Sri Lanka unexpectedly cuts rate to 14% as inflation cools
Colombo: Sri Lanka unexpectedly cut its benchmark rate for the first time in nearly three years, as a deceleration in inflation allowed policymakers room to support the nation’s economic recovery that’s gotten a lift from an International Monetary Fund bailout.
The Central Bank of Sri Lanka lowered the standing lending facility rate to 14 per cent from 16.5 per cent, according to a statement on its website on Thursday. None of the seven economists surveyed by Bloomberg had expected the move, with all predicting the rate to be kept unchanged.
“This move is expected to accelerate the normalization of the interest rate structure in the period ahead and broadbase the recovery of activity in the economy and ease pressures in the financial markets,” the central bank said in the statement.
Inflation is now projected to “decelerate notably in the period ahead, reaching single digit levels” in the early third quarter, the central bank said. Previously the monetary authority targeted the end of the year for single digit inflation while the IMF wanted to see headline CPI slow to the target band of 4 per cent to 6 per cent by early 2025.

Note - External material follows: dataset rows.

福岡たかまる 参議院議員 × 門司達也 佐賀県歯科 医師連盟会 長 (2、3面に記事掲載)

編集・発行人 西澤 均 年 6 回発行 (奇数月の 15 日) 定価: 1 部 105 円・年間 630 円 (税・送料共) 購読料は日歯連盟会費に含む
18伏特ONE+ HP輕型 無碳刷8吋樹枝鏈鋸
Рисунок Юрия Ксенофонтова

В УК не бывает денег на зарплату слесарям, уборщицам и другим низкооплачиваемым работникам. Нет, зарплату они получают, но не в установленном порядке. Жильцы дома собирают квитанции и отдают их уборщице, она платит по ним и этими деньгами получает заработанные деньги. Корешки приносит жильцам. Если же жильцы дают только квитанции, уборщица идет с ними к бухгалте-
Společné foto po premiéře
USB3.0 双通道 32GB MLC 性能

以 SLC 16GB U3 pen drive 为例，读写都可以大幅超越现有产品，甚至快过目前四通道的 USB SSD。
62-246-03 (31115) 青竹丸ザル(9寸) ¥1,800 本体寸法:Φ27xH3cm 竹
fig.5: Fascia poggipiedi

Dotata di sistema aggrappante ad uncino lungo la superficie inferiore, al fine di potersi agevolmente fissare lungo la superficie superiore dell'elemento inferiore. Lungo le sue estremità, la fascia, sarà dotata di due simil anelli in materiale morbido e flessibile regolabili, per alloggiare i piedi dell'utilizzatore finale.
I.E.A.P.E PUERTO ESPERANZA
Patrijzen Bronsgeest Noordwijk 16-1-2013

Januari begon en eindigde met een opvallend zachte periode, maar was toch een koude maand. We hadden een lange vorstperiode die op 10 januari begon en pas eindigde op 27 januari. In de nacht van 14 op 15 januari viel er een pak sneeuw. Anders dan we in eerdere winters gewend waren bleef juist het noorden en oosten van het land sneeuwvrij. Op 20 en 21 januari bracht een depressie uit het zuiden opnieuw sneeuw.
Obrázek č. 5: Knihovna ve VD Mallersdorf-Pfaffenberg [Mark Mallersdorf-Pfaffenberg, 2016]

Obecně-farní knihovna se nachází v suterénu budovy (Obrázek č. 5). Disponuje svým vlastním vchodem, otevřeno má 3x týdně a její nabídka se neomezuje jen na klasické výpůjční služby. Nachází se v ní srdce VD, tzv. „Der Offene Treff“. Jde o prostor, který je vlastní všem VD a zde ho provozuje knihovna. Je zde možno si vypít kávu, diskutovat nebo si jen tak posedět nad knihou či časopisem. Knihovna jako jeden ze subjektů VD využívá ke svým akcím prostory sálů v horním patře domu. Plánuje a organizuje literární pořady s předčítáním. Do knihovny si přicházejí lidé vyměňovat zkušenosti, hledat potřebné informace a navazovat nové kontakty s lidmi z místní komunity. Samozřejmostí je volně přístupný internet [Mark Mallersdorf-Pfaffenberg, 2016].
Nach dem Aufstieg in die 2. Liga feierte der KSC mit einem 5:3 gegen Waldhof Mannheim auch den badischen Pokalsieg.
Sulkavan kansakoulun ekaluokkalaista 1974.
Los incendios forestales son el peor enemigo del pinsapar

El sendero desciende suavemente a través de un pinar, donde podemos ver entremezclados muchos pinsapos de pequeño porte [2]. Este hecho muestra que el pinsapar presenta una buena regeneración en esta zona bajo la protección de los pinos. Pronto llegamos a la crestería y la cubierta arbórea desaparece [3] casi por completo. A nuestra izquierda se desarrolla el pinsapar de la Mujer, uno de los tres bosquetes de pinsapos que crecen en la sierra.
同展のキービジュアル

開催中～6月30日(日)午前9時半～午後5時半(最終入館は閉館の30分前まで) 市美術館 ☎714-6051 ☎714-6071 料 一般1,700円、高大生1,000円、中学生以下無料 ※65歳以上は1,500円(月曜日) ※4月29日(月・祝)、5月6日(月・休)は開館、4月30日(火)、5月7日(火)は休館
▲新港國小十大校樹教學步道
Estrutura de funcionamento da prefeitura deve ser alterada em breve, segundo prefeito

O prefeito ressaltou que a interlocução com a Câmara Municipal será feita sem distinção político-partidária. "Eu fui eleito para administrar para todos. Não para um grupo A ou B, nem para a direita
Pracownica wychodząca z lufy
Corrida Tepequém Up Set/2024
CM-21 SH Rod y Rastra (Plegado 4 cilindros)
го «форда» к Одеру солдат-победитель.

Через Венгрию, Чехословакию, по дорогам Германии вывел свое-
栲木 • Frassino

The decision comes as price gains softened for a fourth month in May on record gains in the local currency and improving food and fuel supplies. The $3 billion IMF program, clinched in March, has helped the South Asian nation start to emerge from its worst economic crisis since gaining independence in 1948.
“The large appreciation of the exchange rate observed recently is yet to be reflected in the price levels, and it would quicken the disinflation process, as the prices of imported goods are expected to decline further,” the central bank said.

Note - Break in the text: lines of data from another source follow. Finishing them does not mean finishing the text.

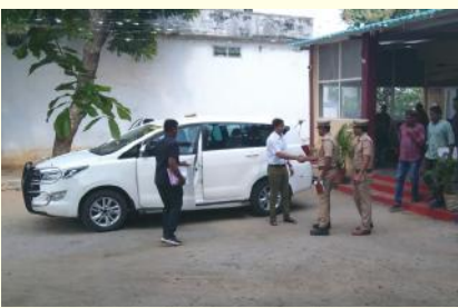
నేలకొండపల్లి సూర్య మేజర్ న్యూస్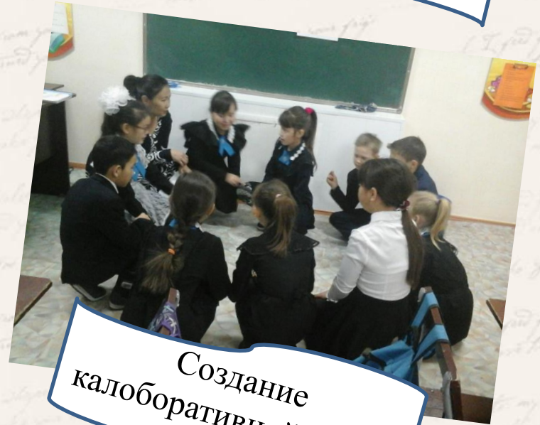
Создание калоборативной среды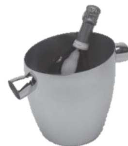
シャンパンクーラー

品番 7435 底98×幅77×高さ86(mm) 容量 350ml ¥25,000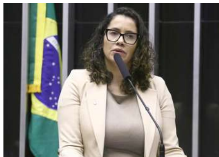
Dep. Denise Pessôa | PT-RS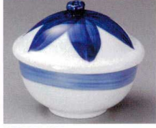
20135-051 ブルー花だえんむし碗 2,980円 (9.5×8.2×8.7cm)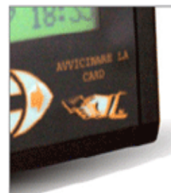
area di lettura card

Via S.Giovanni, 156/158 86100 Campobasso CB T: +39 0874 484641 F: +39 0874 618841 E: info@microdata-cb.com W: www.microdata-cb.com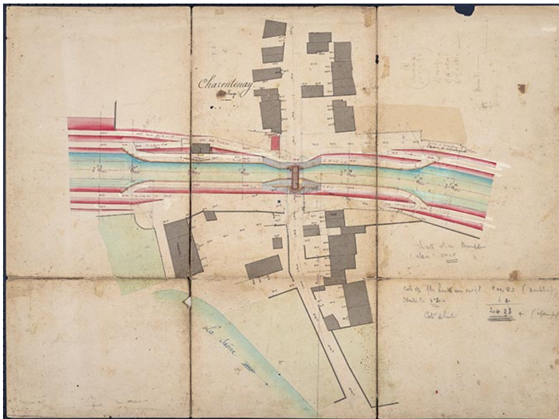
Plan général de la tranchée maçonnée (1876). 70, Soing-Cubry-Charentenay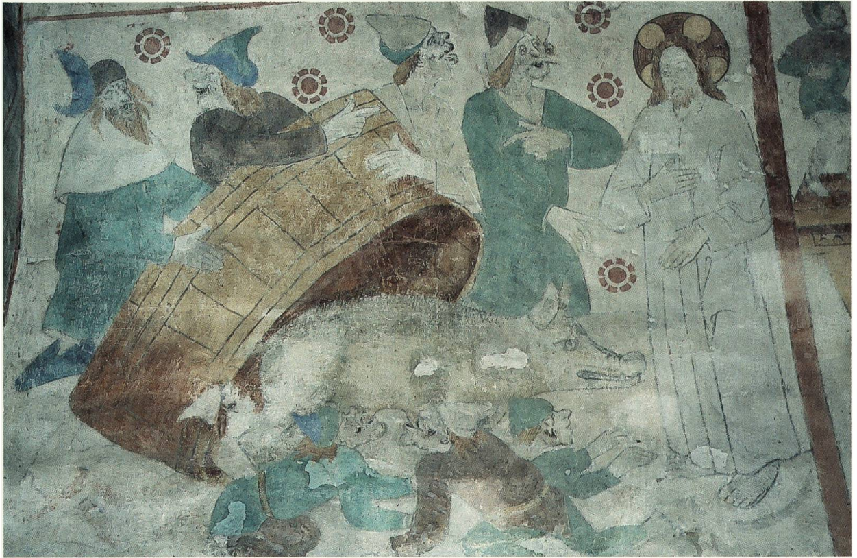
Abb. 12: Die Judensau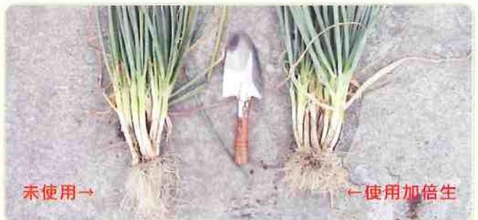
右側使用加倍生的試驗組，較左側的未使用對照組，其側根發展旺盛分株較多。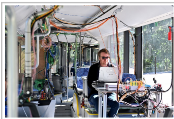
MAN Lion's City 18 E in der Erprobung.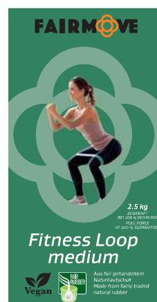
FITNESS LOOP MEDIUM 30 x 5 CM, GRÜN ART.-NR. 4800051 EAN 4262358581853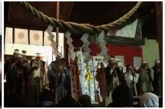
◆南相馬市 相馬太田神社◆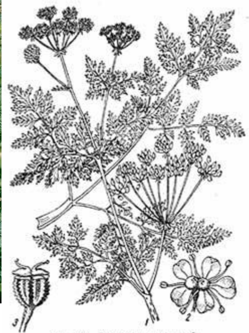
Рис. 223. Болиголов крапчатый. 1 — ветвь, 2 — цветок, 3 — плод.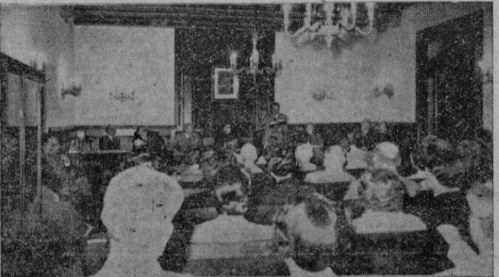
Aspecto que ofrecía la Sala de Actos, durante la conmemoración del cincuentenario del poeta don Jacinto Verdaguer.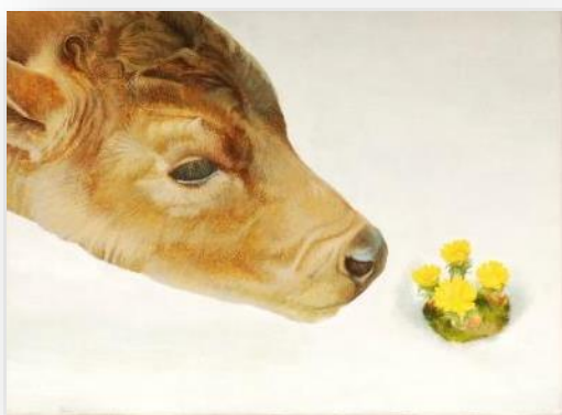
海月清則〈こうしがうまれたよ〉1988年 剣淵町絵本の館蔵

世界の絵本原画がやってきた! 剣淵町絵本の館コレクション 2019 4.18 ▶ 6.9 会場：北海道立函館美術館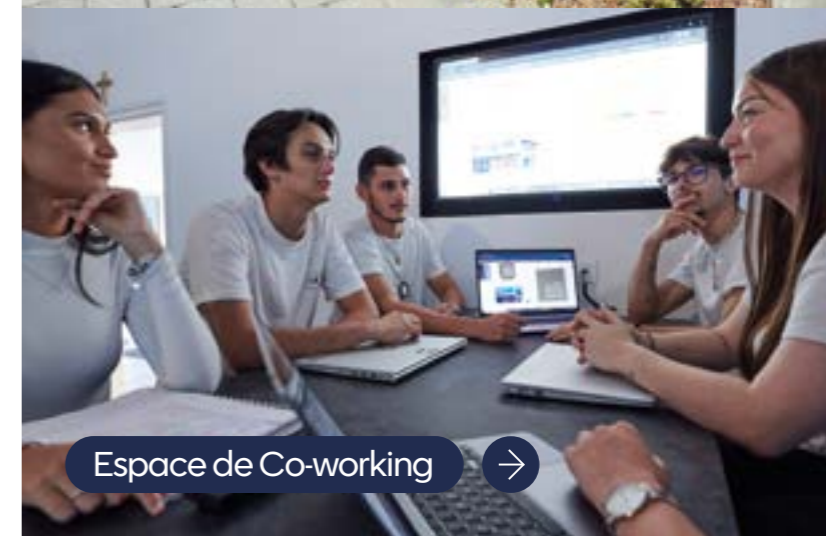
Espace de Co-working →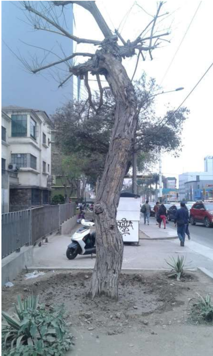
Foto N° 01 Tipa ubicado en la Av. Javier Prado Este 656, antes de inicio de las obras de infraestructura.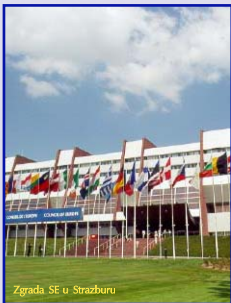
Zgrada SE u Strazburu

ŠTO PIŠE U NAJNOVIJEM IZVJEŠTAJU KOMITETA MINISTARA SAVJETA EVROPE O SRBIJI I CRNOJ GORI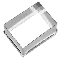
Ausstecher rechteckig Chromnickelstahl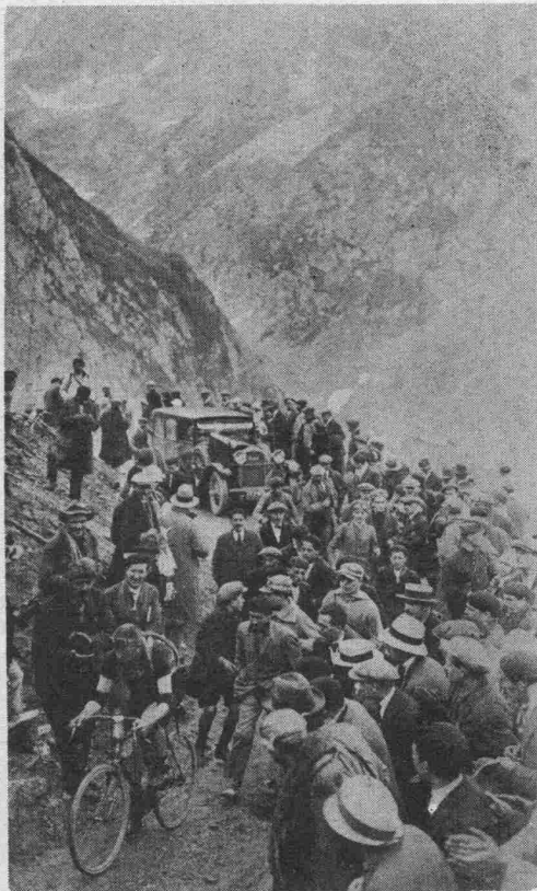
BENOIT au Tourmalet.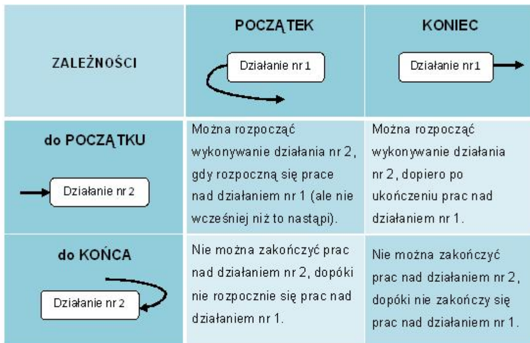
Tab. 1. Zależności pomiędzy działaniami nr 1 i nr 2 [1], [3].

Przedstawione powyżej zależności, mają swoje źródło w postaci ograniczeń łączących te działania. Wysocki R. K. wskazuje cztery główne grupy ograniczeń: techniczne, związane z zarządzaniem, międzyprojektowe oraz czasowe [1].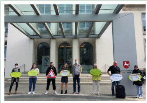
Seit dem 27. August 2020 halten Mitglieder des Personalrats und andere Beschäftigte jede Woche am Donnerstagnachmittag eine Mahnwache vor der Staatskanzlei ab.

In dieser Sonderausgabe geht es um den Austausch zwischen dem Ministerpräsidenten (MP) und dem Personalrat (PR) und um die Frage „Was kann das Land für die MHH tun?“ - eine Aufstellung der dringendsten Probleme aus Sicht der Beschäftigten, die sich der MP im März 2020 in einem Gespräch vom PR gewünscht hatte.

The central bank also recommended that the government consider phasing out the remaining restrictions on most items of goods imports.

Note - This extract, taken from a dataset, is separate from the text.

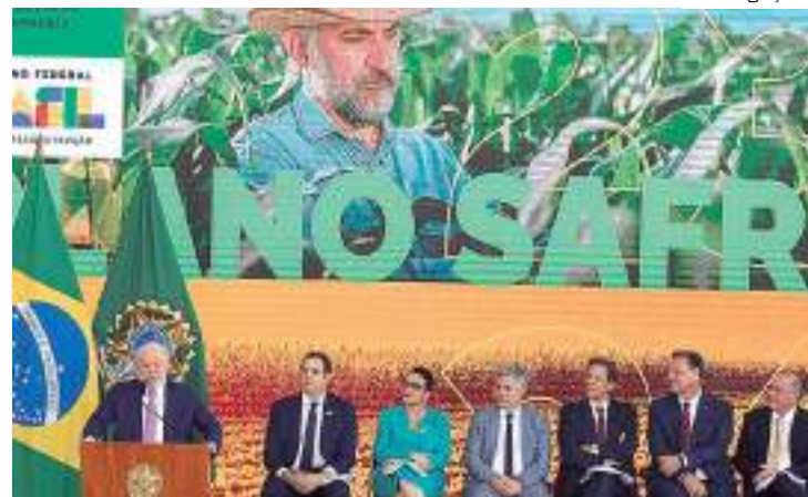
Lula lança Plano Safra 2023/2024 com R$ 364,22 bilhões

O presidente está sugerindo ainda que o governo fe-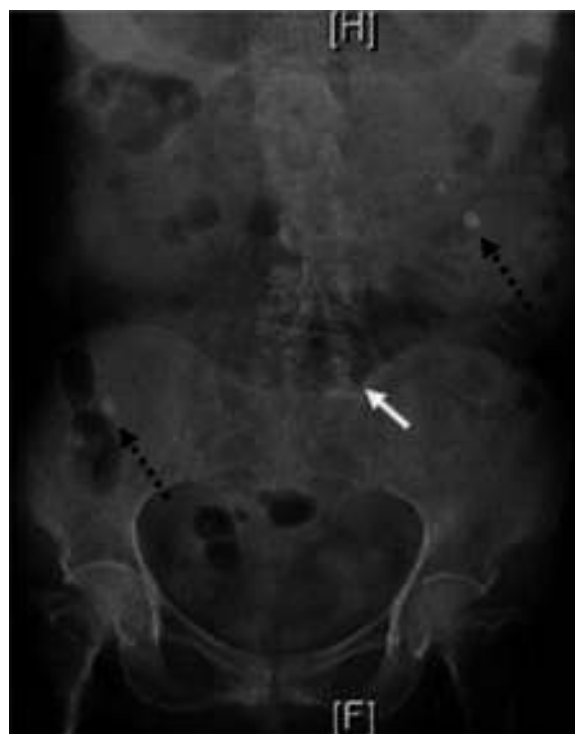
Figura 1 Radiografía de abdomen con distensión gástrica, dilatación de asas intestinales (flecha blanca) y cálculos biliares ectópicos (flechas negras punteadas).

El íleo biliar es una causa rara de obstrucción intestinal, la radiografía abdominal puede mostrar obstrucción del intestino delgado, neumobilia y cálculo biliar ectópico (tríada de Rigler) en menos del 30% de los pacientes. Presentamos el caso de una mujer de 80 años, con diagnóstico de colecistitis crónica litiásica desde hace 4 años, sin tratamiento. La exploración física y el interrogatorio clínico fueron compatibles con obstrucción intestinal, además presenta datos clínicos y bioquímicos de síndrome de respuesta inflamatoria sistémica (fiebre, taquicardia y leucocitosis) e irritación peritoneal. Se realizó placa simple de abdomen y tele de tórax (figs. 1 y 2) con hallazgo de distensión gástrica y tríada de Rigler. La tomografía de abdomen corroboró el diagnóstico de íleo biliar (fig. 3). Durante la laparotomía se identificó cálculo biliar de 5 × 4 × 4 cm, localizado a 1 m del ángulo de Treitz, intestino delgado (fig. 4) con isquemia segmentaria y necrosis en parches de la mucosa. Se realizó resección de 20 cm de yeyuno con entero anastomosis latero-lateral mecánica (fig. 5). La evolución posquirúrgica fue satisfactoria.

The island nation’s continued recovery hinges closely on the government’s ability to restructure its debt in line with IMF criteria in order to keep unlocking funds under the program. Sri Lanka is yet to set a date to announce its restructuring blueprint that’s needed to advance negotiations with creditors.
The IMF sees Sri Lanka’s economy returning to growth next year as fresh funding is received and local authorities implement reforms to strengthen its fiscal health and price stability.
The central bank estimated that reserves have surpassed $3 billion, including the swap facility from the People’s Bank of China.
“Reflecting the improved balance of payments conditions, the central bank relaxed the cash margin deposit requirements imposed on selected imports in May 2023, and further measures will be initiated to loosen capital flow restrictions in the period ahead,” it said.